- [Assigned task] A word-for-word copy of the entries is needed, and it should contain no images.
==== Data to examine ====
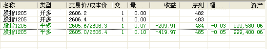 第一次平仓,收益为 2605.6-2606.3=-0.7  收益为 -210 (和金字塔的算法209.91 一致)
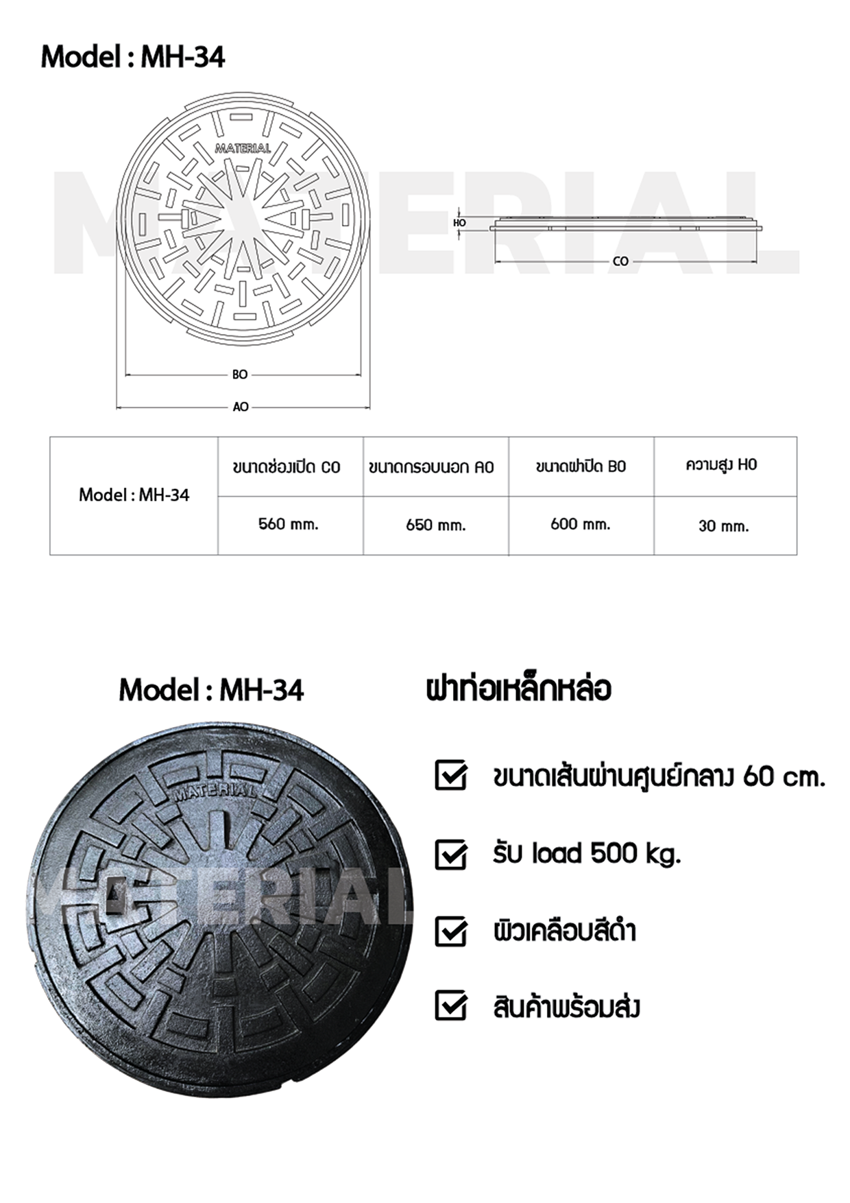 | ฝาท่อเหล็กหล่อ MH-34 | 60 | 2 | กลม | ผิวเคลือบสีดำ | สินค้าพร้อมส่ง |
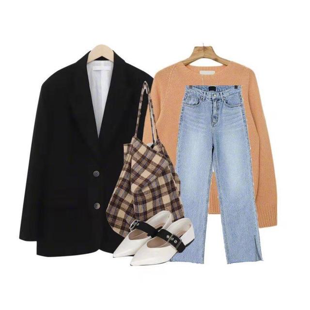 黑色的西装外套简约时尚,黑色属于百搭色,不管搭配什么颜色的衣服都是非常好看的。橙色的毛衣属于常规款,橙色没有那么的鲜艳,而是比较偏暗色的橘肉色,整体看上去并没有那么的张扬,显低调,但是又不缺风格。浅色的直筒牛仔裤简直就是休闲的标志,给人的感觉就像是韩系的一股清流,西装外套也是属于比较宽松的,黑色西装搭配休闲风的内搭也很有特点,活力又稳重。
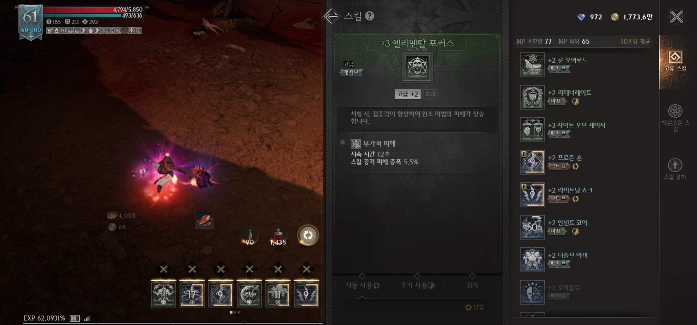 부계인 엘리멘탈리스트도 62렙을 달성한지 꽤 시간이 흘렀고, 얼마나 성장했는지 작성을 해보겠음
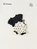Bong Xuan Verano Nuevo traje Estilo Occidental para Bebé Niña Puntos Ondulados Tirante Encaje Triángulo Traje de Gateo Chaqueta de Manga Corta Conjunto de Dos Piezas
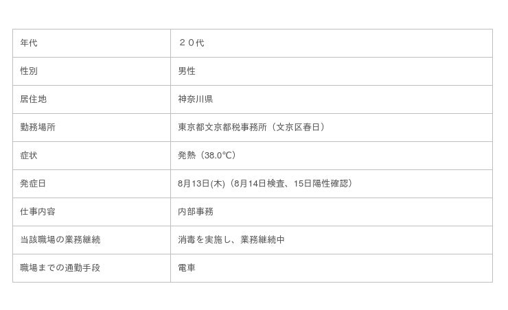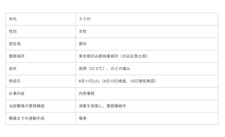 ・上記職員は、内部事務に従事しており、発症2日前である8月11日(火)以降において、業務上の都民との接触はありません。
====
- [Result for this exercise]
 第一次平仓,收益为 2605.6-2606.3=-0.7  收益为 -210 (和金字塔的算法209.91 一致)
 | ฝาท่อเหล็กหล่อ MH-34 | 60 | 2 | กลม | ผิวเคลือบสีดำ | สินค้าพร้อมส่ง |
 黑色的西装外套简约时尚,黑色属于百搭色,不管搭配什么颜色的衣服都是非常好看的。橙色的毛衣属于常规款,橙色没有那么的鲜艳,而是比较偏暗色的橘肉色,整体看上去并没有那么的张扬,显低调,但是又不缺风格。浅色的直筒牛仔裤简直就是休闲的标志,给人的感觉就像是韩系的一股清流,西装外套也是属于比较宽松的,黑色西装搭配休闲风的内搭也很有特点,活力又稳重。
 부계인 엘리멘탈리스트도 62렙을 달성한지 꽤 시간이 흘렀고, 얼마나 성장했는지 작성을 해보겠음
Bong Xuan Verano Nuevo traje Estilo Occidental para Bebé Niña Puntos Ondulados Tirante Encaje Triángulo Traje de Gateo Chaqueta de Manga Corta Conjunto de Dos Piezas
 ・上記職員は、内部事務に従事しており、発症2日前である8月11日(火)以降において、業務上の都民との接触はありません。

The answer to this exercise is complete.